SOAP 03/09/2012; Deuteronomy 10:20

Today's reading: Deuteronomy 10,11,12; Mark 16

S)"20 You shall fear the LORD your God; you shall serve Him and cling to Him, and you shall swear by His name."

Deuteronomy 10:20 (NASB)

O) Let's see... you shall fear the LORD, check.
you shall serve Him, check.
and cling to Him, che- wait, what? Cling to the LORD? Cling to Him...
This is an interesting verb. It alludes to a desperation. It implies dependency. There is a problem with American culture, I think. Because of how our nation was formed and our separation from England to start our Independence, I think that it quickly became a part of our heritage - this idea of independence. Certainly in the beginning years of our country, the people knew the importance of needing God. Read any writings from early colonies and it becomes clear very quickly that it wasn't just the West that had a hard time settling. Over the 2+ centuries since then, though, our land was tamed. Slowly, the feeling of independence from England grew. Now, most Americans despise the French without realizing how vital they were to our independence, because we don't want to aknowledge getting help from anyone.

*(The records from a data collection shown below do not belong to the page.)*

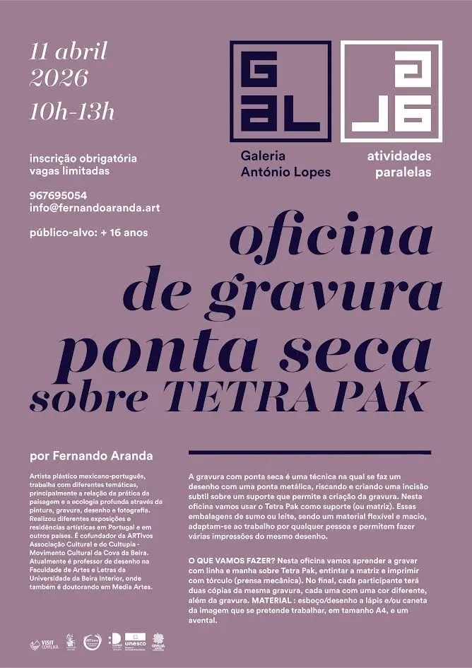 A Galeria António Lopes, na Covilhã, recebe mais uma oficina de fim de semana, desta vez dedicada à gravura em ponta seca sobre Tetra Pak. A iniciativa está marcada para sábado, 11 de abril, entre as 10h00 e as 13h00, e destina-se a participantes com mais de 16 anos.
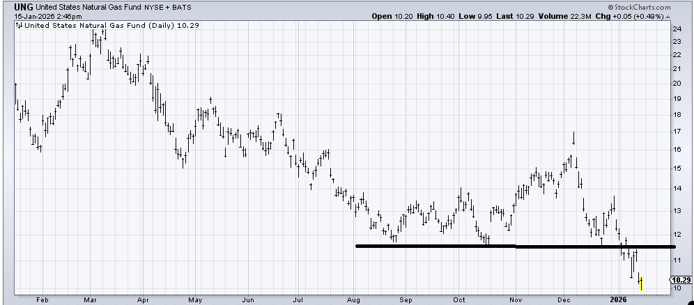I often refer to United States Natural Gas Fund (UNG) , an ETF to be long natural gas, as a widow maker and I hope you can see why. It is getting oversold down here. The DSI was 28 Wednesday night, which is not that low. For now I’d say a rally to $11.50 would be a good place to sell it.
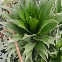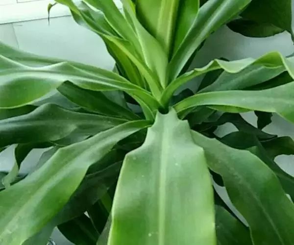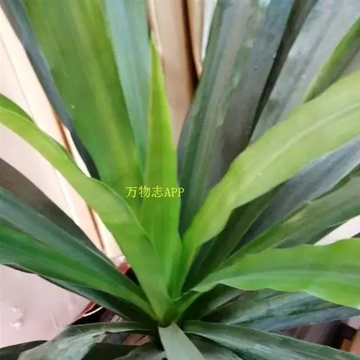 叶片宽大。叶簇生于茎顶,长椭圆状披针形,无柄;叶长40-90厘米、宽6-10厘米,弯曲成弓形,叶缘呈波状起伏,叶尖稍钝;鲜绿色,有光泽。穗状花序,花小,黄绿色,芳香。
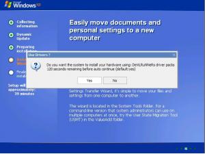 This is not my method. Major thanks to idle.newbie and hp38guser, as most of this is their work. Thanks also go out to Pyron for making SetupCopyOEMInf.exe and WatchDriverSigningPolicy.exe, which are used in this method. I based it on the older AutoIT method (HERE). In certain scenario's I needed to skip the drivers part. This wasn't possible in neither the AutoIT method or the 'simple method'. solution: modifie the AutoIT method with a gui messagebox asking if u wish to use the drivers. Being an unattended cd this messagebox is only shown for x seconds beforce continuing with yes. This is what you have to do: 1. Download the attached zip file, and unzip to your drivers dir on the cd. (There are 4 files in the zip: Drivers.au3, Process.exe, SetupCopyOEMInf.exe, WatchDriverSigningPolicy.exe) Download 7za.exe & Autoit.exe found in the other method. (These files will run from the CD, and are never copied to the Hard Drive.) 2. Open up winnt.sif (located in i386), and add two lines under [GuiUnattended], as shown below: [GuiUnattended] DetachedProgram = ".\system32\cmd.exe" Arguments="/Q /C FOR /F %I IN (%SystemRoot%\SYSTEM32\$WINNT$.INF) DO (FOR %J IN (%Idrivers) DO (IF EXIST %J (start /min /D%J Autoit3.exe Drivers.au3)))" note:I am using a folder called /drivers in the root of the cd, if you use another folder change the path in the above code 3. Place your 7z driver packs in the same directory %cdrom%\drivers Notes: -= Plug'n Play devices are detected during Windows Setup after the DetachedProgram stage (which is when this script is run), so Windows Setup will detect and install all applicable drivers. -= Any type of folder names can be used. (Don't worry about spaces in the folder names.) For example: "Wireless Card Drivers" will work just as well (even though there are spaces in the name) as "WiFi_Drivers". I've personally tested this method, and it works perfectly (I installed laptop OEM drivers, PCI card drivers, etc. - all without a problem). -= Also, please note this method will not work for MassStorage Device drivers. -= This method does not require any files to be copied over the the HDD - it runs totally from the CD. drivers.7z
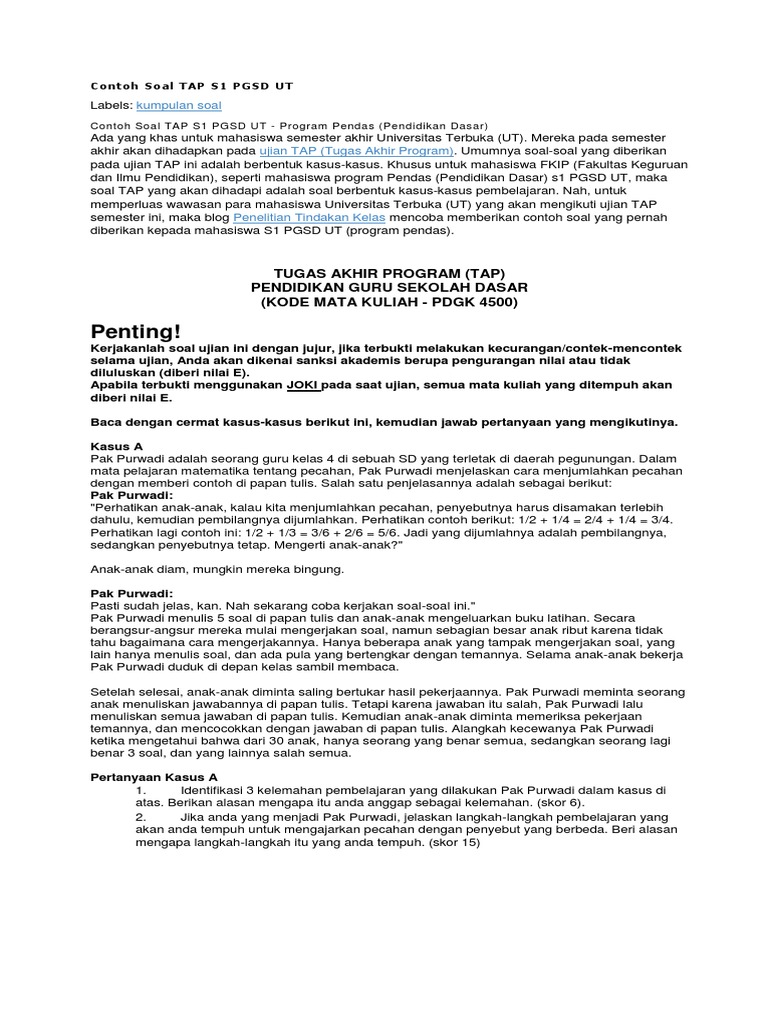 38 katalog kurikulum fkip program pgsd dan pgpaud universitas terbuka 2020/2021. Contoh soal tap s1 pgsd ut dan kunci jawabancontoh soal tap beserta jawabannyacontoh soal tap s1 contoh soal tap ut pgpaud tugas akhir program nah berikut ini kami bagikan untuk anda teman teman doc soal tap s1 pgsd ut imratul husnah academiaedu. Contoh soal tap s1 paud ut. Salah satu cara untuk mengukur kompetensi adalah dengan melakukan tes kompetensi guru tkpaud. Anda akan mendapatkan contoh soal soal ut jurusan pgpaud dari seluruh mata pelajaran seperti.
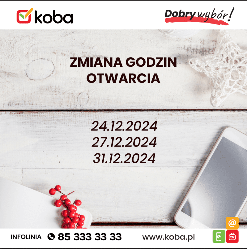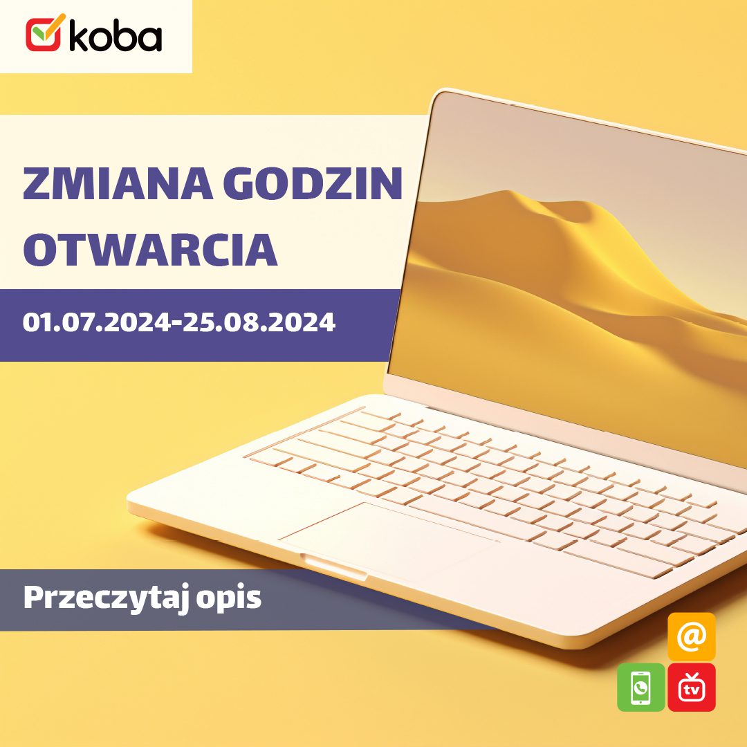 W okresie 30.06.2025 r. – 31.08.2025 r. godziny otwarcia Biura Obsługi Klienta i Serwisu Komputerowego w Białymstoku ulegają zmianie. Poniedziałek – Piątek 9:00-17:00 Sobota Nieczynne
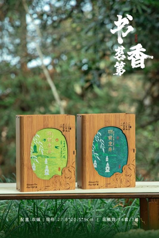 The gold foil "Mingqian Longjing" text and Jiangnan landscape pattern on the box surface echo each other, showing elegant Eastern charm.
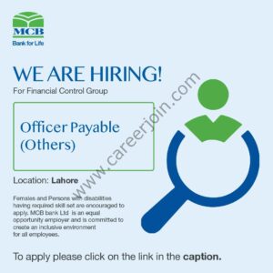 Are you looking for a career in one of Pakistan’s leading Banks? The Financial Control Group of MCB Bank is looking for an Officer Payable (Others) to join its team of talented, motivated, and highly skilled professionals.

That has spread, I believe, from politics and a world view to just about every area of American life. Most Americans despise authority being placed over them in any capacity. I think a big part of that is because they don't want to seem dependent on anyone. This makes serving God very difficult. I think one of the reasons we see miracles in developing countries is that they're so willing to be dependent on the LORD.

A) The first imagry I had of this concept of clinging was that of my son. He can be a bit of a scaredy-cat, but I'll never tease him for that. I'm always going to challenge him, but I need to be sure he always knows I'll protect him; I'll always keep him safe. Lately, he's been asking to get up on my shoulders, but he's very scared to do so. Sometimes he does okay getting up there, but when he does, man! that kid has a death-grip on my head! When it's time to get off, he grabs hold of me so tightly that I have to peel him off! He's holding on because he knows that he's safe as long as we're connected. He's depending on me for stability, protection - his very life from his perspective! This needs to be my attitude with God. I need to realize that if I'm not in touch with Him, with His presence, that I'm liable to fall. I'm liable to break something, up to and including my whole self, if I'm not holding on to Him for dear life.

P) Father, I need You! This is a confession that I am not a grown man! I am unable to live this life without my Father! Holy Spirit, open my eyes to all of the ways I am lost without the Father to protect me; I never want to think I can make it on my own. In Jesus' name, I pray. Amen.